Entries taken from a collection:

##############################

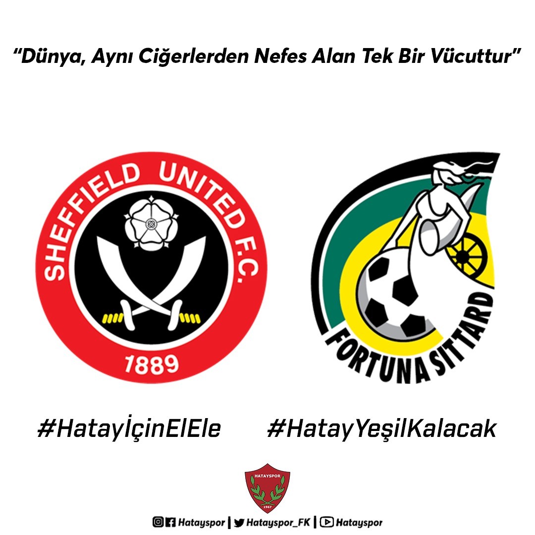 Hatay‘ın Belen, Arsuz ve İskenderun ilçelerinde çıkan orman yangınları sonrası Türkiye’nin 4 büyük kulübünün yanı sıra çok sayıda futbol kulübünün ve spor federasyonlarının destek verdiği ‘Hatay İçin El Ele’ fidan bağışı kampanyasına Hollanda takımlarından Fortuna Sittard ile İngiltere takımlarından Sheffield United da destek verdi.
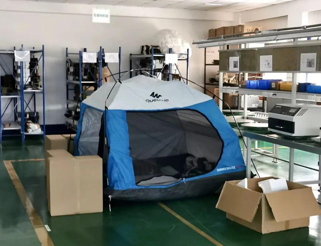 疫情突发,值班人员迅速打包日常起居用品与换洗衣物驻厂办公,想尽办法利用、腾挪有限空间,搭建室内帐篷,布置床铺被褥。
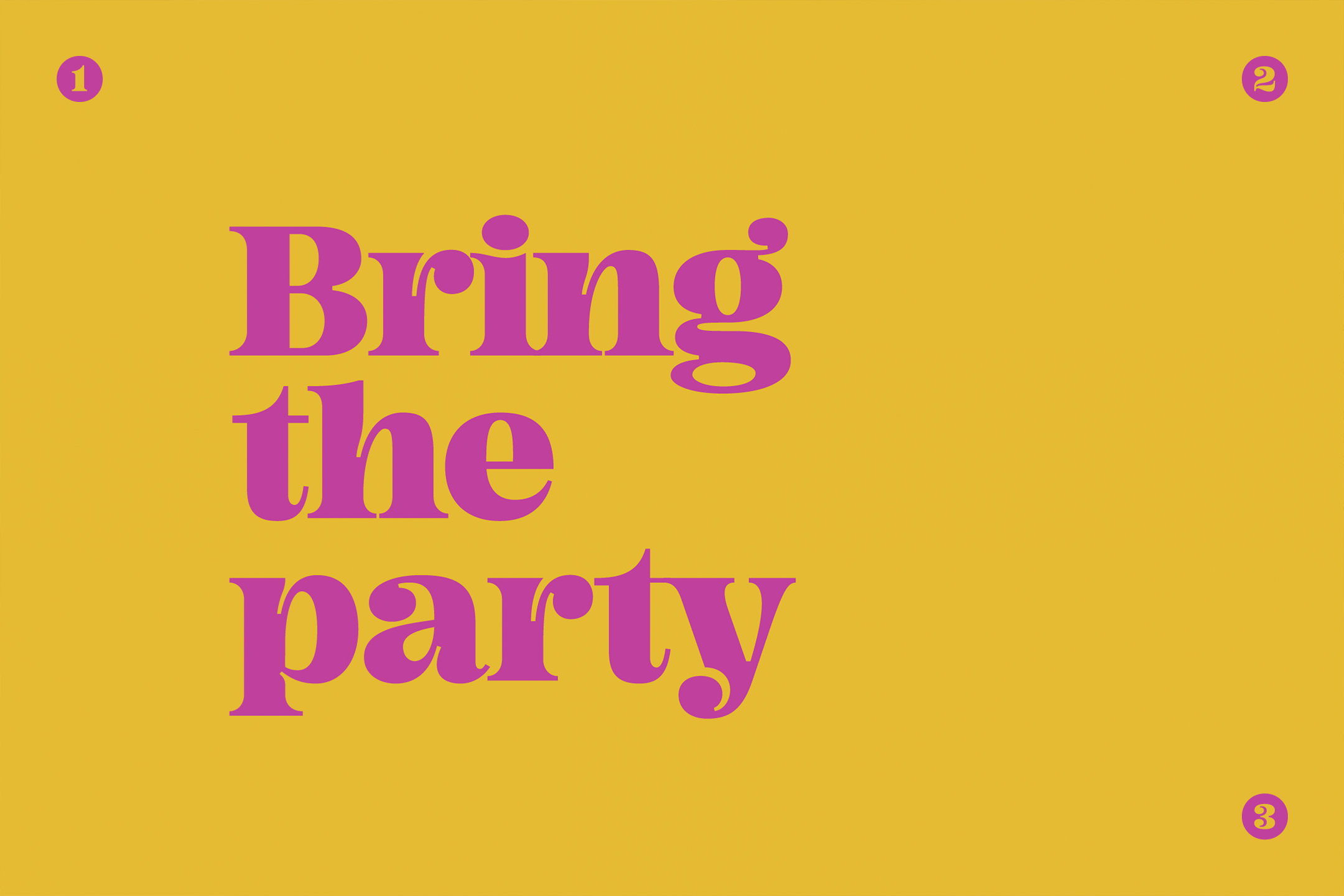 The movement and offset drop shadow of the primary mark influences the rest of the design language. We use offset repeating patterns, feeling like 45 party poppers just went off in your car. An explosion of fun - one that we all need.
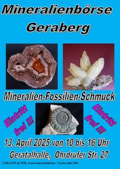 Es gibt Gutes zu berichten. Bald findet auch dieses Jahr die Börse für Mineralien, Fossilien und Bergbauzubehör wieder statt. Am 13.04.2025 von 10 bis 16 Uhr öffnet die kleine Geratalhalle wieder für Interessierte aus nah und fern.
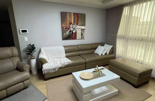 Enjoy your stay inside Clark Freeport Zone in this spacious & peaceful 2 Bedroom Condo with a view of the man-made lake and lushious green mountains where you can jog or just walk around.
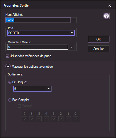 Aide: https://www.flowcode.co.uk/wiki/index.php?title=Output_Icon_Properties
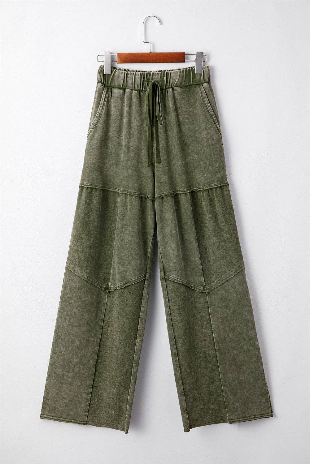 Mineral Wash Patchwork Wide Leg Drawstring Pants: Vineyard Green / M
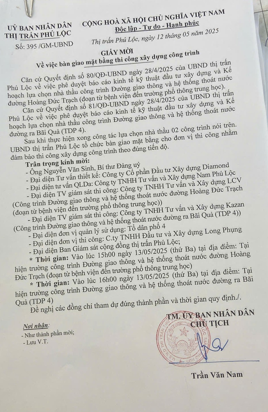 Vậy, Ủy ban nhân dân thị trấn Phú Lộc thông báo cho Ông/Bà được biết.
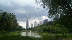 Floods are frequent in Kuala Lumpur after heavy downpours, especially in the city centre, because irrigation structure lags behind the intense development in the city.[85] Smoke from forest fires in nearby Sumatra and Kalimantan sometimes casts a haze over the region, and is a major source of pollution, along with open burning, motor vehicle emissions, and construction.[86]
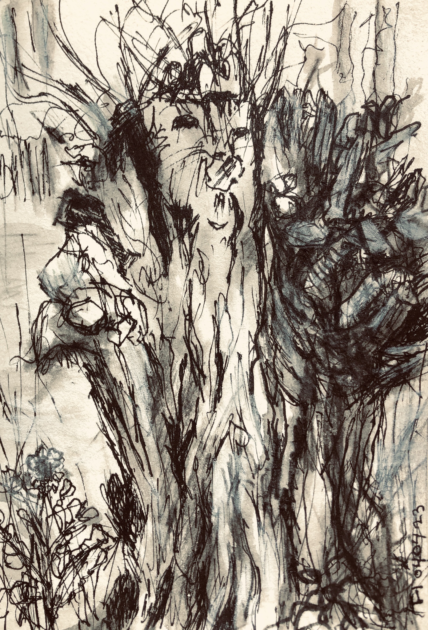 Drie Broek Knotwilg Gratiën Dommel Bossche # #de #het #lente #hertogenbosch #aquarelpotlood #april #wilg #inktpen #contépotlood

##############################

**What to do**. Could you repeat the entries word for word, skipping the pictures they contain?

**Result**.
 Hatay‘ın Belen, Arsuz ve İskenderun ilçelerinde çıkan orman yangınları sonrası Türkiye’nin 4 büyük kulübünün yanı sıra çok sayıda futbol kulübünün ve spor federasyonlarının destek verdiği ‘Hatay İçin El Ele’ fidan bağışı kampanyasına Hollanda takımlarından Fortuna Sittard ile İngiltere takımlarından Sheffield United da destek verdi.
 疫情突发,值班人员迅速打包日常起居用品与换洗衣物驻厂办公,想尽办法利用、腾挪有限空间,搭建室内帐篷,布置床铺被褥。
 The movement and offset drop shadow of the primary mark influences the rest of the design language. We use offset repeating patterns, feeling like 45 party poppers just went off in your car. An explosion of fun - one that we all need.
 Es gibt Gutes zu berichten. Bald findet auch dieses Jahr die Börse für Mineralien, Fossilien und Bergbauzubehör wieder statt. Am 13.04.2025 von 10 bis 16 Uhr öffnet die kleine Geratalhalle wieder für Interessierte aus nah und fern.
 Enjoy your stay inside Clark Freeport Zone in this spacious & peaceful 2 Bedroom Condo with a view of the man-made lake and lushious green mountains where you can jog or just walk around.
 Aide: https://www.flowcode.co.uk/wiki/index.php?title=Output_Icon_Properties
 Mineral Wash Patchwork Wide Leg Drawstring Pants: Vineyard Green / M
 Vậy, Ủy ban nhân dân thị trấn Phú Lộc thông báo cho Ông/Bà được biết.
 Floods are frequent in Kuala Lumpur after heavy downpours, especially in the city centre, because irrigation structure lags behind the intense development in the city.[85] Smoke from forest fires in nearby Sumatra and Kalimantan sometimes casts a haze over the region, and is a major source of pollution, along with open burning, motor vehicle emissions, and construction.[86]
 Drie Broek Knotwilg Gratiën Dommel Bossche # #de #het #lente #hertogenbosch #aquarelpotlood #april #wilg #inktpen #contépotlood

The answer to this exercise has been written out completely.